After his arrival, Hemsky tallied four goals and 13 assists in just 20 games while paired with Michalek and Spezza. Hemsky undoubtedly had some prior chemistry with Michalek, as they both hail from the Czech Republic. His comfort with his line-mates will only continue to grow, but may be cut short if he isn’t resigned.
Michalek had a down year for Ottawa on the scoreboard, only posting 39 points in all 82 regular season games. However, he tallied seven goals and five assists in the final 20 games after Hemsky was brought over from Edmonton, showing a clear connection between the two Czech wingers.
The 29-year-old Michalek still has plenty of room to grow with Spezza and Hemsky, and if the first 20 games are a sign of things to come, it will be a fruitful relationship.
The Jason Spezza Controversy
The biggest controversy lies with Ottawa’s top scoring forward, and team captain, Jason Spezza.
One responsibility of being the captain of any team is that you will have a finger pointed at you if things go bad, and that is exactly what is happening with Spezza.
After Ottawa parted ways with former long time captain Daniel Alfredsson, management should have expected some sort of fallout within the locker room.
However, that isn’t a knock on Spezza.
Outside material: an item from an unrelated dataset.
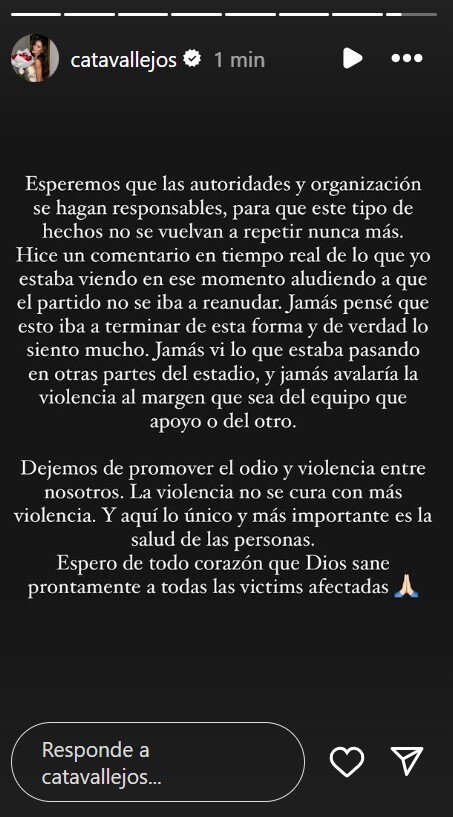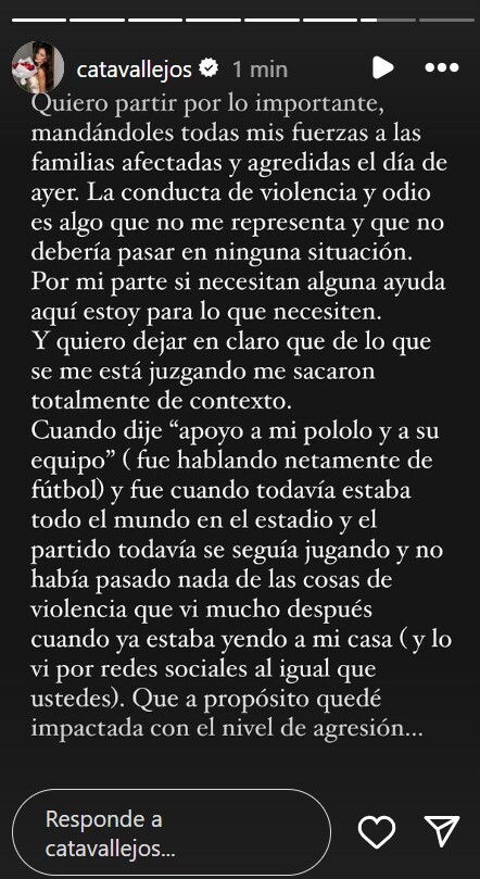 Catalina Vallejos se disculpó públicamente por la historia que subió en apoyo a Independiente, mientras ocurrían los graves incidentes en el Estadio Libertadores de América de Avellaneda entre barristas de Universidad de Chile y del club argentino.

He is a good player and captain, but he isn’t Alfredsson. The shoes he left to fill for Spezza may have been a bit big at first, but he is beginning to fill them nicely.
Spezza was the Seantors top scoring forward this season, and second on the team only behind defenseman Erik Karlsson, with 23 goals and 43 assists. Seven goals, and 12 assists, came in the 18 games played with Hemsky.
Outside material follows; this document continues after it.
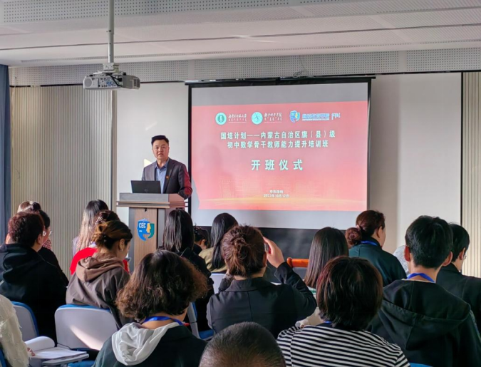 2023年10月12日,由BEAT365英国官网继续教育学院主办、BEAT365英国官网承办的2023年“国培计划”——内蒙古自治区旗(县)级初中数学骨干教师能力提升培训班开班。继续教育学院党总支副书记、副院长刘云剑,承办方项目负责人BEAT365英国官网副院长包霞、培训班班主任陈阿茹娜、于家祺和相关工作人员张倩、刘雨晴、姚欣悦参加开班仪式。会议由BEAT365英国官网陈阿茹娜老师主持。

These numbers, however, don’t remove the disappointment that was Ottawa’s season, and most certainly changes need to be made.
Owner Eugene Melnyk is a firm believer in improving from within. He would rather hire the best scouts and player development staff than giving a large contract to a free agent who has never played with his guys.
This brings the belief that he’ll keep Spezza around at least until next trade deadline. If Spezza can’t perform to Melnyk’s standards, he’ll likely be asked to waive his no trade clause, and be traded away for picks instead of letting him walk when his contract is up 2015, and receiving nothing in return.
Hemsky would prefer to see Spezza resigned, and says that if he isn’t, they might as well let him walk too.
So a decision on Spezza will likely come soon, and if he is let go, Hemsky will probably be wearing a different jersey next season.
Change is most definitely needed, but blowing up the top line is not that change.